Oil field
Oil fieldiStock

The G7 countries reached an agreement on Thursday to place a price cap on Russian oil.

The move would decrease Moscow’s financial ability to pay for the ongoing Ukraine war while not impacting worldwide inflation, CNN reported.

The ban concerns "services which enable maritime transportation of Russian-origin crude oil and petroleum products globally" beyond the price cap, according to the finance minister of G7 countries, including the United States, Japan, Canada, Germany, France, Italy and the United Kingdom.

The ban would likely extent to insurance and financing for oil shipments.

The maximum price cap will be decided by a "a broad coalition" of nations, the seven finance ministers said in a joint statement.

"The price cap is specifically designed to reduce Russian revenues and Russia's ability to fund its war of aggression whilst limiting the impact of Russia ́s war on global energy prices, particularly for low and middle-income countries," the statement added.

On Thursday Russia threatened to respond by banning oil exports to any country that participates in the measure.

"We will simply not supply oil and petroleum products to such companies or states that impose restrictions, as we will not work non-competitively," said Deputy Prime Minister Alexander Novak, according to Russian state news service TASS.

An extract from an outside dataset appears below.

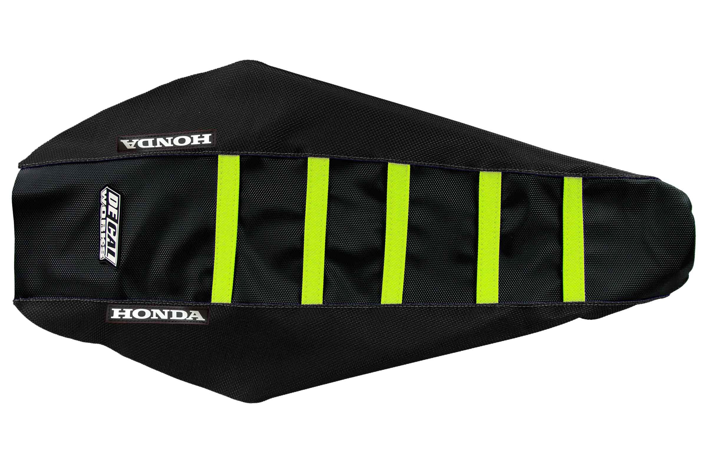 The DeCal Works Black, Flo Yellow seat cover is the perfect option to replace your OEM seat cover. This performance part will enhance comfort when riding and it has an extraordinary grip and wear resistance and is built to exceed original specifications.

Russia has already been sanctioned by the West for its invasion of Ukraine, including on energy exports.

But Moscow is still making billions of dollars per month exporting its energy products to Asia.

The price cap has been a policy the Biden administration has long called for. The White House has urged its implementation, saying that it will hurt Moscow’s ability to fund the war in Ukraine while allowing Russian oil to continue to be exported, thereby avoiding additional worldwide inflation.